Er stammte aus dem Haus Croÿ. Der Vater war Philippe I de Croÿ. Die Mutter war Walburga von Moers. Er war der älteste Sohn aus dieser Verbindung.

Er selbst heiratete 1495 Louise d'Albret, Vicomtesse de Limoges († 21. September 1531). Diese war die Schwester von Jean d'Albret, König von Navarra. Mit dieser hatte er acht Kinder. Die vier Söhne starben noch als Kleinkinder. Die älteste Tochter trat in ein Kloster ein. Die zweite mit Namen Anne heiratete Philippe II. de Croÿ, den ersten Herzog von Aerschot. Die dritte Tochter Marguerite heiratete Charles II. de Lalaing. Von seinem Onkel Philipp von Wavrain erbte er die Herrschaft Wavrain und weitere Besitzungen im Artois.

Leben[Bearbeiten]

Er wurde am kurpfälzischen Hof erzogen. Später diente er unter Maximilian I. und erhielt 1479 auf dem Schlachtfeld bei Guinegate von diesem den Ritterschlag. Er kommandierte 1486 zusammen mit Graf Engelbert von Nassau und Adolf von Kleve, Herr von Ravenstein, ein Heer gegen eine französische Armee. Er brachte dem belagerten Therouanne Entsatz nahm die Stadt Lens und die umliegenden Burgen und Schlösser ein.

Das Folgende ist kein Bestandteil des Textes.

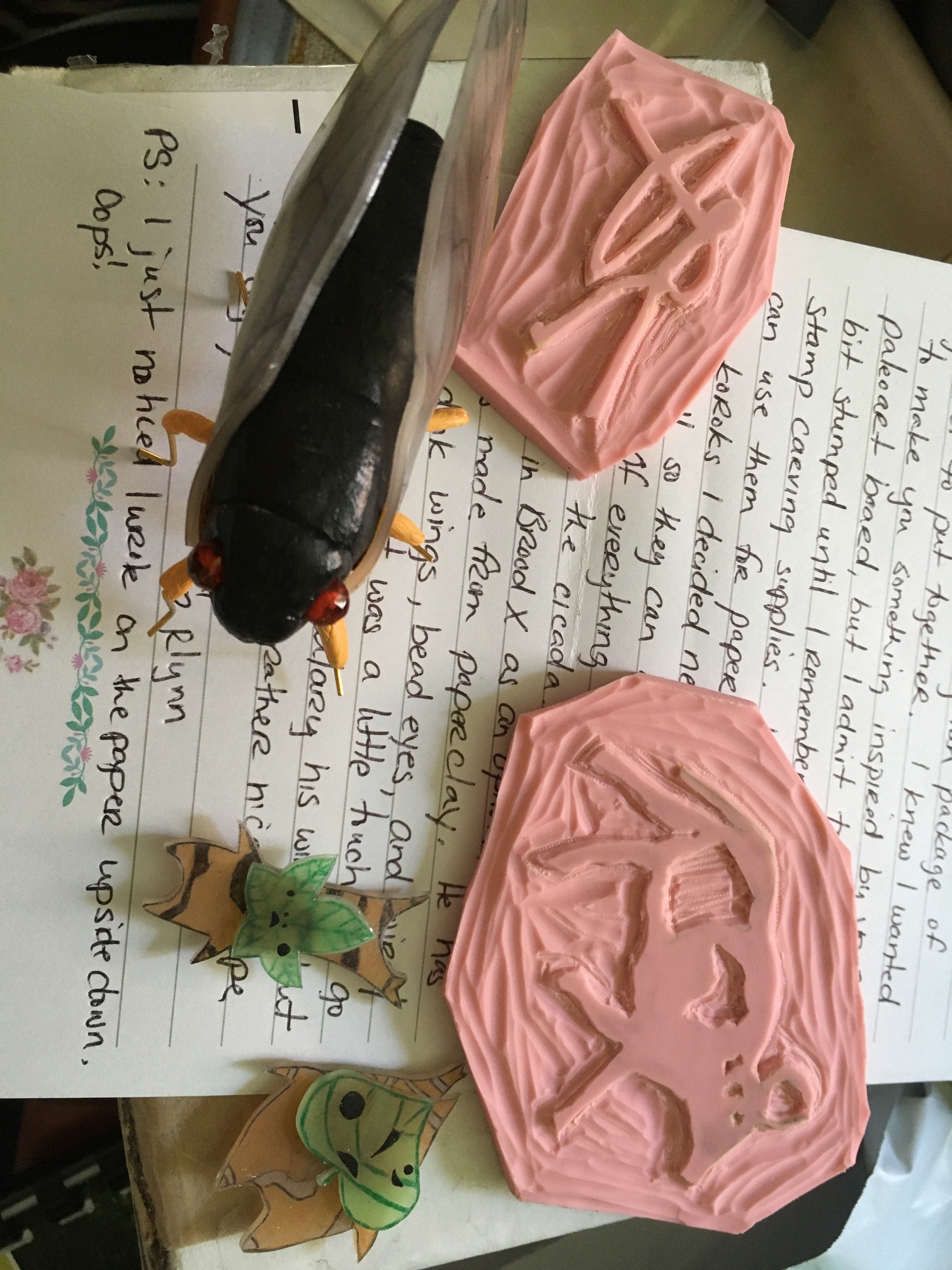 I just got a lovely angel package from @Rlynn! She sent paleoart stamps, tiny korak magnets for hiding & finding around the house, & a cicada sculpture!

Maximilian I. erhob ihn anlässlich von dessen Krönung in Aachen zum Dank 1486 in den Reichsfürstenstand und die Grafschaft Chimay wurde zum Fürstentum gemacht. Im Jahr 1489 kämpfte er unter Albrecht von Sachsen während der Niederschlagung des Aufstandes in den Niederlanden. Erzherzog Philipp bestimmte ihn zum Paten und Mentor seines Sohnes Karl, der spätere Kaiser Karl V. Neben seinem Namen schenkte er seinem Patenkind auch einen prächtigen silbernen Helm.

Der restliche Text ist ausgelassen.